Синесвитенко натянул куртку, перешитую из красноармейской шинели, снял с гвоздя кепку и, напомнив сыну, где что лежит из еды, торопливо ушел.

Когда за ним закрылась дверь, человек, назвавшийся Алексеем, спросил:

– Павел, кто эти двое, что со мной разговаривали во дворе?

– Живут здесь. Старого фамилия Писецкий, – стал объяснять Пашка. – Он, дядя, знаете кто? Он с ворами возжается, они к нему краденое носят. А второй – это Петя Цаца. Его здесь все боятся. Он, дядя, запросто зарезать может.

– Да ну?

– Правда! Вы про Мишку Япончика слыхали?

– Слышал.

– Так Петька ему был первый друг!

– Так… – С минуту Алексей что-то соображал, разглядывая вздернутый Пашкин нос, попорченный кое-где рябинками. – Вот что, Паша, обо мне ты не очень распространяйся во дворе. Будут спрашивать, говори: мамкин брат, приехал из деревни работу искать. Зови дядей Лешей. Понимаешь?

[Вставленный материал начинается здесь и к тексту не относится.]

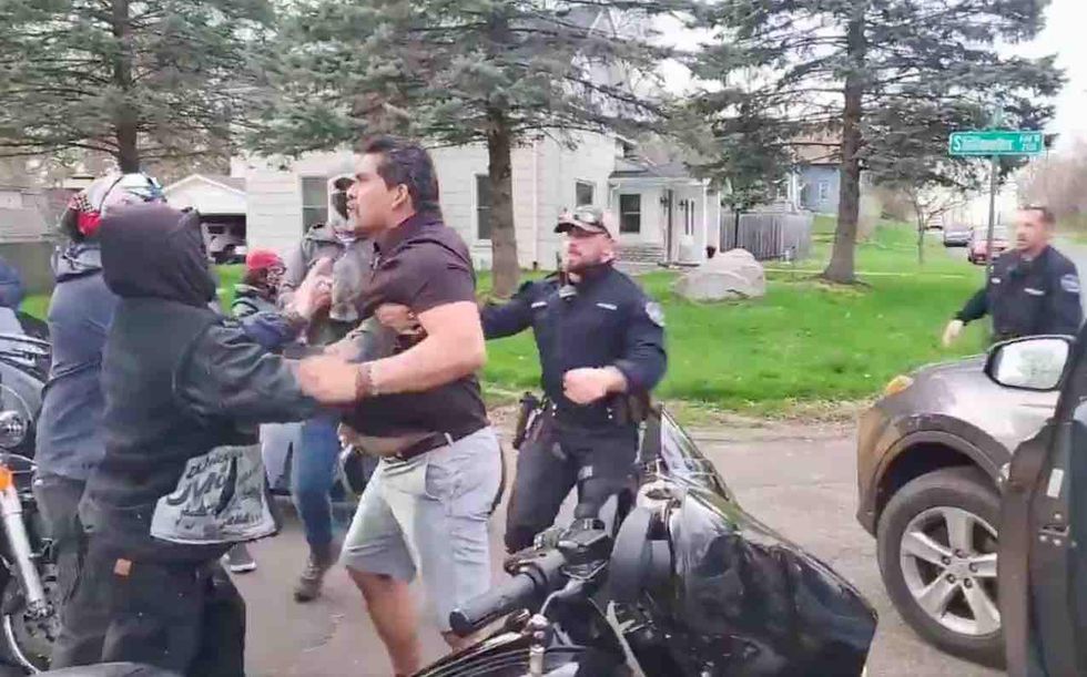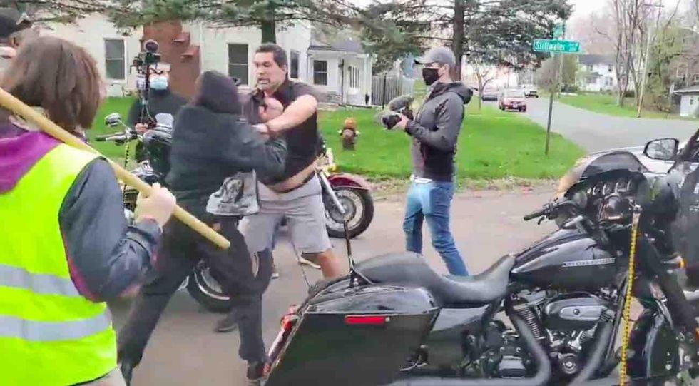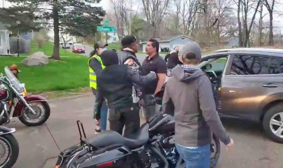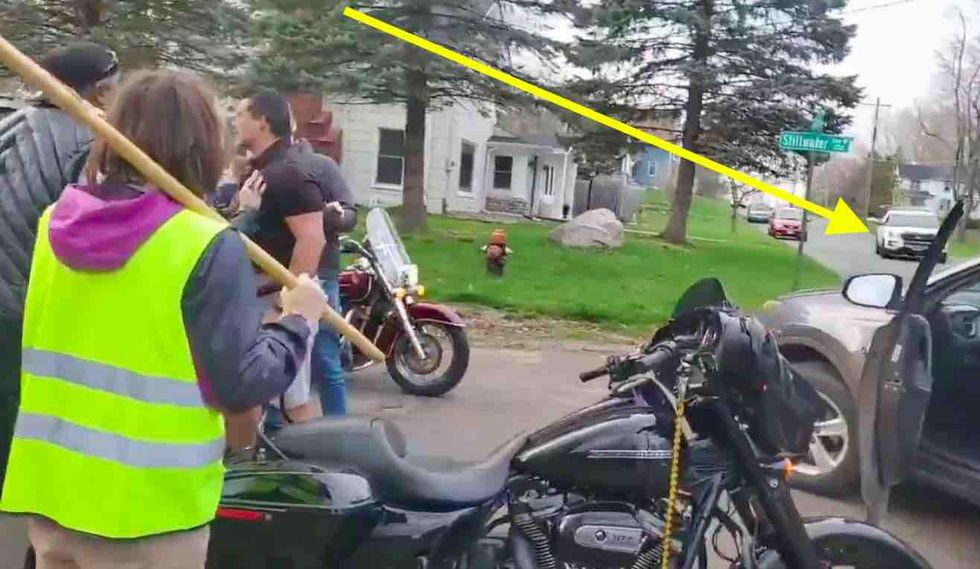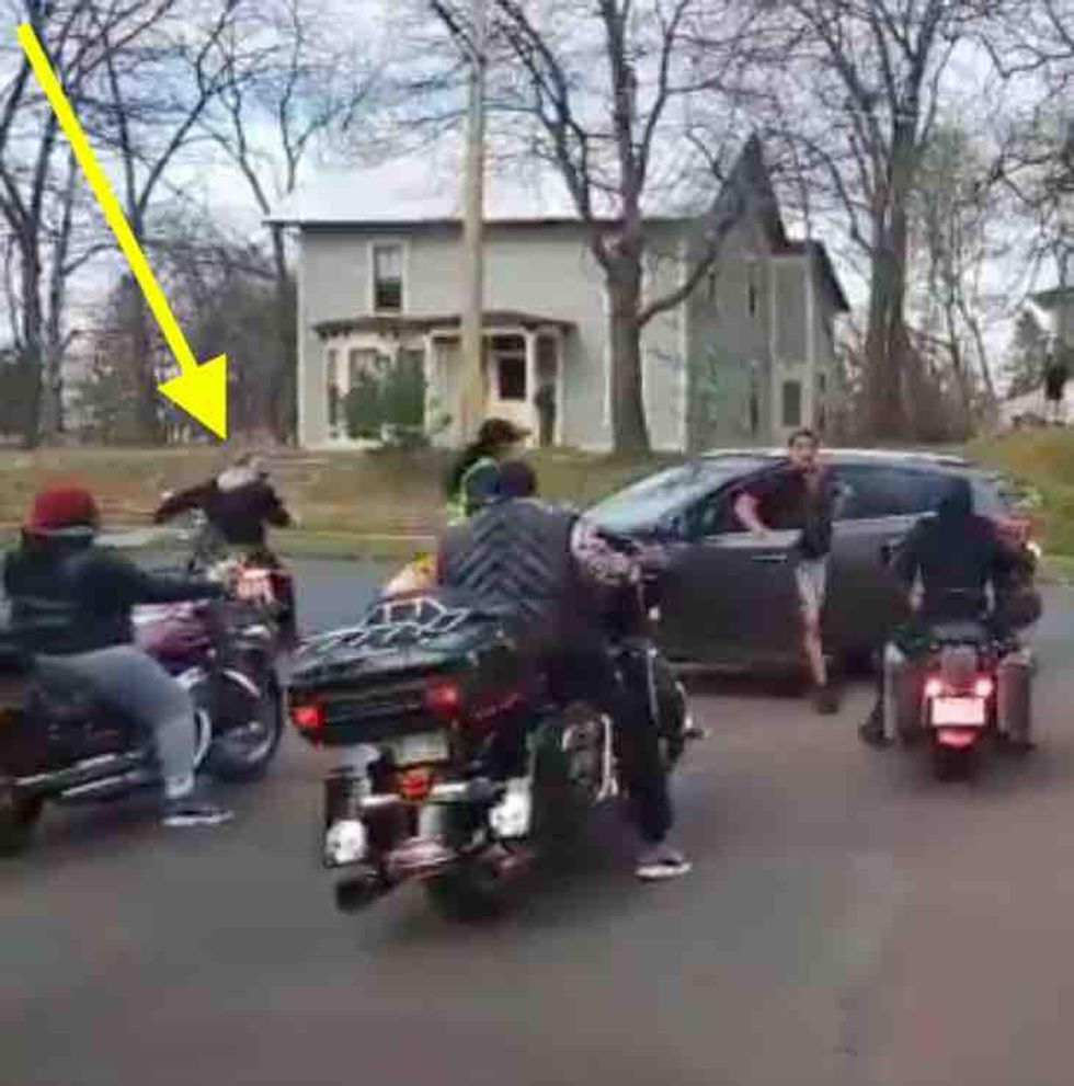 Video posted Saturday to Twitter begins with the angry driver exiting his vehicle after apparently trying to left turn on Stillwater Avenue — but police told TheBlaze Monday that the trio of bikers in front him were trying to make a left as well.
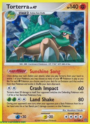 Einmal während deines Zuges (vor deinem Angriff) kannst du, wenn du Chelterrar von deiner Hand spielst, um 1 deiner Pokémon zu entwickeln, eine beliebige Anzahl deiner -Pokémon im Spiel wählen. Für jedes -Pokémon, das du auf diese Weise gewählt hast, kannst du dein Deck nach einer Evolutionskarte, die sich aus dem gewählten Pokémon entwickelt, durchsuchen und es damit entwickeln. Mische dein Deck danach.

– Понимаю! – кивнул Пашка.

Пашке было известно о госте самое главное: он знал, что дядя Леша – чекист. Но тем и ограничивались его сведения о новоявленном дяде, и многое казалось ему непонятным и таинственным. Зачем, например, чекисту скрываться в Одессе, где давно уже крепко стоит Советская власть? Чекисту полагается ходить по городу в кожаной куртке и кожаной фуражке со звездочкой, а по ночам ловить белогвардейцев и контрабандистов. Кроме того, чекисты представлялись Пашке суровыми пожилыми людьми, а дядя Леша был совсем молодой, лет двадцати двух, не больше. Это стало особенно заметно, когда он умылся над ведром и сел есть постный суп из чечевицы, который Пашка разогрел для него на плите. После мытья лицо дяди Леши как будто разгладилось, ярче запылало свежим загаром, мокрые волосы торчали вихрами, и ел он быстро, весело, как едят только молодые.

Словом, было чему удивляться. Но именно тайна, окружавшая гостя, более всего другого привлекала к нему Пашкино сердце. Молодой, а, поди ж ты, сколько у отца хлопот из-за его приезда! Серьезный, видать, человек! … Вон какой рот у него – будто стамеской прорубленный; на лбу складки, как у пожилого, а глаза быстрые, зоркие и совсем светлые, точно протертые стекляшки. Да и силен, видно. Высокий. Руки большие. В запястье Пашке одной рукой нипочем не захватить. Пожалуй, он и с Цацей совладал бы…

Пока дядя Леша ел, Пашка успел многое рассказать ему.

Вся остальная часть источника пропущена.